Страшные лица немецких пенсионеров и особенно пенсионерок. На левом берегу, вдоль набережной, расположены художественные музеи — от изобразительных искусств до музея немецкого кино. Босх в Штеделевском институте. Его персонажи — на улицах Франкфурта. Огромная, преимущественно турецкая барахолка на набережной Майна.
Далее, вверх по Майну, — Ашаффенбург. Разрушен во время войны англо-американской авиацией (всего лишь!) на 50 %. Замок — летняя резиденция майнцско-го архиепископа. Из экскурсии по Ашаффенбургу следовало, что при архиепископе коррупция была исключительным источником процветания города. Седьмой голос майнцского архиепископа при выборах императора Священной Римской империи германской нации был решающим. В город перед выборами съезжались представители различных князей и партий с щедрыми дарами. Вывод, который напрашивался, но ни разу не был произнесен вслух (о немецкая политкорректность!): продажность как принцип демократии и католической церкви. Видимо, такие экскурсии должны были иметь большое воспитательное значение. Оказалось, что Ашаффенбург — это еще один «третий Рим». Один из маленьких, захолустных римчиков.
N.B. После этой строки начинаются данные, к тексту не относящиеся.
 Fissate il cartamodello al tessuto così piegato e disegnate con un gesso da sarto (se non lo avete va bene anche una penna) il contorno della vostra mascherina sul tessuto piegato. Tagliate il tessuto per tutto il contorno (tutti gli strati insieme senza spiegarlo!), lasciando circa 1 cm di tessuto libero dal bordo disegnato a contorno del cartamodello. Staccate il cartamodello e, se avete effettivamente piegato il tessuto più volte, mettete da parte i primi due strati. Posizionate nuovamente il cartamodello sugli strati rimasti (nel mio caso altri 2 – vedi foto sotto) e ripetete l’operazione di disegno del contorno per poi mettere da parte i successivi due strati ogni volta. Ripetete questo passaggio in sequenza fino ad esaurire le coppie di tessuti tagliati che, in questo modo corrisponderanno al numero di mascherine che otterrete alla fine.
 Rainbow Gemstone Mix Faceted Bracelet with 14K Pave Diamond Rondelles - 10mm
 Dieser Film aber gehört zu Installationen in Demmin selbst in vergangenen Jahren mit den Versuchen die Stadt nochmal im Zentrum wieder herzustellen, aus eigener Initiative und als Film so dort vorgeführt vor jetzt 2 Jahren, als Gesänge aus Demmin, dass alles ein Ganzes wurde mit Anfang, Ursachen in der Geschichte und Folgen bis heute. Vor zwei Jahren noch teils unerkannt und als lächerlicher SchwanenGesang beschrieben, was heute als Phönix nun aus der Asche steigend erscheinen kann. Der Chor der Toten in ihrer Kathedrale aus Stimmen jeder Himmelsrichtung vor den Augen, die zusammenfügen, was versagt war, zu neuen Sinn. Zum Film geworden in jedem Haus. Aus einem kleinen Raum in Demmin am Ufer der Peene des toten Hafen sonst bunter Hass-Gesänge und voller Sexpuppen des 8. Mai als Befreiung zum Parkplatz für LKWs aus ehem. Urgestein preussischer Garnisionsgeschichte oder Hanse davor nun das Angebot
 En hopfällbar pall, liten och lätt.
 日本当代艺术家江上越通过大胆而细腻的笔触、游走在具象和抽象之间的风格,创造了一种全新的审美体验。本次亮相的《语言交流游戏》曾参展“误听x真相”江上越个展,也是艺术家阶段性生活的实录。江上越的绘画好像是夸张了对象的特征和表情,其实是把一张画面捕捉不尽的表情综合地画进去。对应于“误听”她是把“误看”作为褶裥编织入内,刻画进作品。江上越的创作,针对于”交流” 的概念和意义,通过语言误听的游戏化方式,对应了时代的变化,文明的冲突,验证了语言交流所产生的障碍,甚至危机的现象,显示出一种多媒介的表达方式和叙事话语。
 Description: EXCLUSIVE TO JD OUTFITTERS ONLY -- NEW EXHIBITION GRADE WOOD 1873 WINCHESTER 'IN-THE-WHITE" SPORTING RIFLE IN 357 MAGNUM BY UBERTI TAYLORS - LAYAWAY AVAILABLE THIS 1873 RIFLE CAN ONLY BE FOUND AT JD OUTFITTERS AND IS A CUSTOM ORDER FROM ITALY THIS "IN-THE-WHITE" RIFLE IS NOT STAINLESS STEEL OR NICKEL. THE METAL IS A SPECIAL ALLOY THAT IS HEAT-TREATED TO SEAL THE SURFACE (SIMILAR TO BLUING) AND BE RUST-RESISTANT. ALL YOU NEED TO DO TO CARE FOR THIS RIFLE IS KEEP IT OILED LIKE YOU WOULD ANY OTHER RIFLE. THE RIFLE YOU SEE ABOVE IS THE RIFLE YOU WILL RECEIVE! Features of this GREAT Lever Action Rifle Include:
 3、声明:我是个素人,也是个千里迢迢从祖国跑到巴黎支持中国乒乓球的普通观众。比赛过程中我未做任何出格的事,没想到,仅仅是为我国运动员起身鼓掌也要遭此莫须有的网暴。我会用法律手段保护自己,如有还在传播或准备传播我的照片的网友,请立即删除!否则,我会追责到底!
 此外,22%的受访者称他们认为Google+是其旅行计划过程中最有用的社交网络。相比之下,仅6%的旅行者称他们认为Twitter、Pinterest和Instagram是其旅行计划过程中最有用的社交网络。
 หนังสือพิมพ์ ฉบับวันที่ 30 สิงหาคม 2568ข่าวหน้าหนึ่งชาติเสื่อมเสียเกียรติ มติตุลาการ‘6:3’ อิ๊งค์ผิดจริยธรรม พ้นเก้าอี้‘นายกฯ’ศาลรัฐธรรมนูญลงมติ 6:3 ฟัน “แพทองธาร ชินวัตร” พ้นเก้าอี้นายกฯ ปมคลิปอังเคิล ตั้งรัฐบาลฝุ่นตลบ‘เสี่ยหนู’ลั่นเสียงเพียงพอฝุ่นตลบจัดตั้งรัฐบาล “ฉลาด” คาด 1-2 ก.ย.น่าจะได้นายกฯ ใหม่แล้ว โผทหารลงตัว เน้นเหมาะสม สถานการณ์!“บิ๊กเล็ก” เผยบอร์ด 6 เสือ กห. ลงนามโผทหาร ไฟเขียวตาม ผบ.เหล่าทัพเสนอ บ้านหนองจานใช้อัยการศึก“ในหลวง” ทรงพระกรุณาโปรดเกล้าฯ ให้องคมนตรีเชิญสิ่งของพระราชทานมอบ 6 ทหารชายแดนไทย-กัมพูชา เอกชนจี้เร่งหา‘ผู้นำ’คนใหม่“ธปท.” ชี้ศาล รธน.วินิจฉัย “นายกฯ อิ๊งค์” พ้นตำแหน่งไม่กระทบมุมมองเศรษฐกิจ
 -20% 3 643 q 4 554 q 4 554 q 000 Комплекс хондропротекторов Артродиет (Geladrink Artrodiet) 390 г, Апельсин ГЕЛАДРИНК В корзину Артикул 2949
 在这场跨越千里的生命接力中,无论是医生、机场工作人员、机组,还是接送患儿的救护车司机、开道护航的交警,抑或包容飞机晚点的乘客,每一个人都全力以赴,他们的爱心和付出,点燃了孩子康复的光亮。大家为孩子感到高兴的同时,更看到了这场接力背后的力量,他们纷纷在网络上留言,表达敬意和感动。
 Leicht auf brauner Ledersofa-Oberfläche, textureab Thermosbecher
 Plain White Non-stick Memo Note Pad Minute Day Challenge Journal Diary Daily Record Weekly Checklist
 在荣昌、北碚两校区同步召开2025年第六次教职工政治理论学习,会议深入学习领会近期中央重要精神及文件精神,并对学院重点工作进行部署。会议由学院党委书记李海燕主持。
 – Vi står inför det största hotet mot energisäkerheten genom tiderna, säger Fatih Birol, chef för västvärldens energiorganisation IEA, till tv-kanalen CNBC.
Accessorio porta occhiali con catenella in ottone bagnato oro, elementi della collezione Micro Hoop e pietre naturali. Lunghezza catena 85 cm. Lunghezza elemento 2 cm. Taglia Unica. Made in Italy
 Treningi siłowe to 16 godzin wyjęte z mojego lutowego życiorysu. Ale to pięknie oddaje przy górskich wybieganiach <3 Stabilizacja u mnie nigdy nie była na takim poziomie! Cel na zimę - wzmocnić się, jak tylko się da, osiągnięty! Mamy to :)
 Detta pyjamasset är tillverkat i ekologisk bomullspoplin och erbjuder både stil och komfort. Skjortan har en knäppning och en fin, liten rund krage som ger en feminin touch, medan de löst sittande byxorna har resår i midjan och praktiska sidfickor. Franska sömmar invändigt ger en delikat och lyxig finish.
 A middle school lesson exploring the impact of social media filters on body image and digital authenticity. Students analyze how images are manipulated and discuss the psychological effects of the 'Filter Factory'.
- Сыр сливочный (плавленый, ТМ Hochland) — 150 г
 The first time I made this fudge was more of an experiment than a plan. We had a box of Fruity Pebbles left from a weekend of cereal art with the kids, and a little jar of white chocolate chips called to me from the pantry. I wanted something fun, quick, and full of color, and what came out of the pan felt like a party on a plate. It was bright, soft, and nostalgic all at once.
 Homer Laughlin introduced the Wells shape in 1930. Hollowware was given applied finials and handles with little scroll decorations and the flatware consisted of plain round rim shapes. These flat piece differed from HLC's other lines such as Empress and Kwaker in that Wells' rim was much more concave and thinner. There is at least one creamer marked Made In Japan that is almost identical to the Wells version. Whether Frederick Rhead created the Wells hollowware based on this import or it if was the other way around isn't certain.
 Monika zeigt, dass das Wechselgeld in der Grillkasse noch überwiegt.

После посещения замка архиепископа мы с вологодским медиамагнатом Германом Титовым отправились приобщиться к сидру. Иоганн Вольфганг Гёте в «Dichtung und Wahrheit» хвалился, что по молодости выпивал то ли 5, то ли 7 литров сидра — и это не кажется пустой похвальбой после того, как отведаешь напитка. Зона си-дропроизводства и преимущественного сидропотребления ограничивается землей Гессен и простирается по Майну до города ирландских монахов — Вюрцбурга.
В Вюрцбурге я ничего не узнал ни про процент разрушения от американских бомбардировок, ни про сущность и издержки демократии. Небольшой, но очень красивый городок со старинным мостом через Майн со статуями Святого Киллиана и других ирландских монахов. Мы отправились гулять по городу не с экскурсоводом, а с очень симпатичной девушкой-волонтером из Восточной Германии, которая приглянулась одному из сакс-мафиози.
Вообще хочется заметить, что ГДР сформировала некую народоподобную общность внутри германской нации, чем-то неуловимо близкую нам и почти родную. Что касается девушек, то они безусловно симпатичнее в бывшей ГДР, чем в Западной Германии. Возможно, это связано с тем, что на территории Восточной Германии в прошлом обитали славяне (даже немцы знают, что название города Berlin — вовсе не от «barlein», не имеет никакого отношения к медведю [bar], а от древнезападнославянского «берло» — «низкое место»; так же дела обстоят почти со всеми топонимами в Восточной Германии), и в местном населении чувствуется славянская кровь, а возможно — последствия пребывания группы Советских войск.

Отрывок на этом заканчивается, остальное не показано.